If you were looking to write a detailed account of all the mistakes Barcelona have made in the past decade, you’d be advised to start by turning the Forest of Dean into pulp. Because you’re going to need a lot of paper.
And while it would be unfair to lambast the club for failing to replace the legendary Xavi Hernandez – there are few players in the modern era who can claim to have influenced the game as much as the World Cup-winning, tika-taka-embodying Catalan – but Barcelona did, at one point, have a midfielder who would have done a better job than most of stepping into Xavi’s boots.
And they let him go.
“I think he is an extraordinary player,” Xavi said of a young Thiago Alcantara in 2013, via The Guardian.
“Thiago is not just a player for the future but is someone who can make an impact right now as well.”
If only Barcelona had listened to their legendary number six. Because, after failing to give one of Europe’s most promising young playmakers any sort of assurances over his first-team role at Camp Nou, Thiago was packing his bags, swapping Barca for Bayern Munich just months after Xavi had tipped his fellow La Masia graduate for a bright future in red and blue.
Could Liverpool’s Thiago Alcantara return to Barcelona under Xavi?
Eight years on, Xavi is back where he belongs, riding back into town like a shining knight on a noble steed.
And the man who has come to embody everything we grew to love about that all-conquering Barcelona side of the Pep Guardiola era wasted little time, in his new role as head coach, in making clear the importance of bringing tradition back to a club that sold its soul for a few magic beans and a £140 million Brazilian.
After luring 38-year-old former teammate Dani Alves back to Camp Nou for one last swansong, Sport claims Xavi has held talks with president Joan Laporta to express his desire to bring back another star with Barca blood coursing through his veins.

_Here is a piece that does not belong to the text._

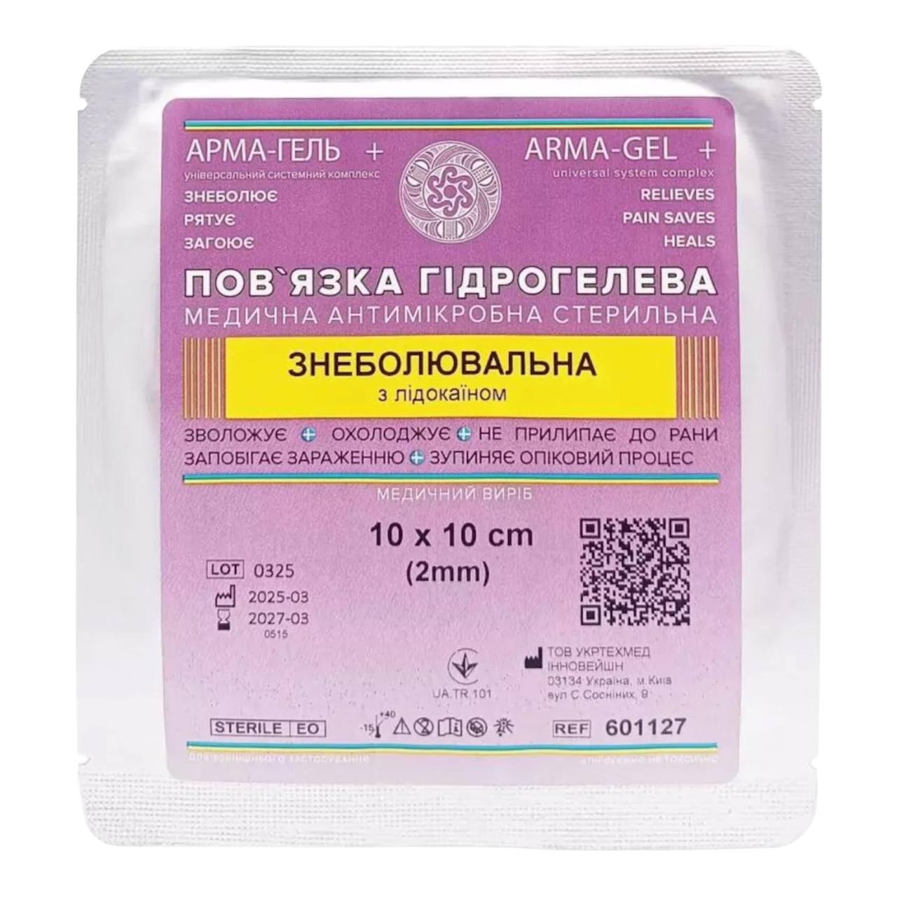 Пов’язка гідрогелева АРМА-ГЕЛЬ+ знеболювальна з лідокаїном 10×10 см армована сіткою

How Liverpool feel about parting with Thiago after just 14 injury-hit months on Merseyside remains to be seen.
But while Xavi became the symbol of Guardiola’s Barcelona, it’s tempting to wonder whether Thiago could play that same role under Xavi himself.
“Xavi is eternal,” Thiago said of Xavi, his old teammate and, who knows, perhaps his future manager too (Bleacher Report).
“Even when he is not at his very best level physically, he plays a kind of football that gives oxygen to a team. It makes me sad to think I won’t be able to watch Xavi any more. He is football. He is one of those players that has made Barcelona what it is today.”
Many at Camp Nou hope Xavi can make Barcelona what it is tomorrow as well.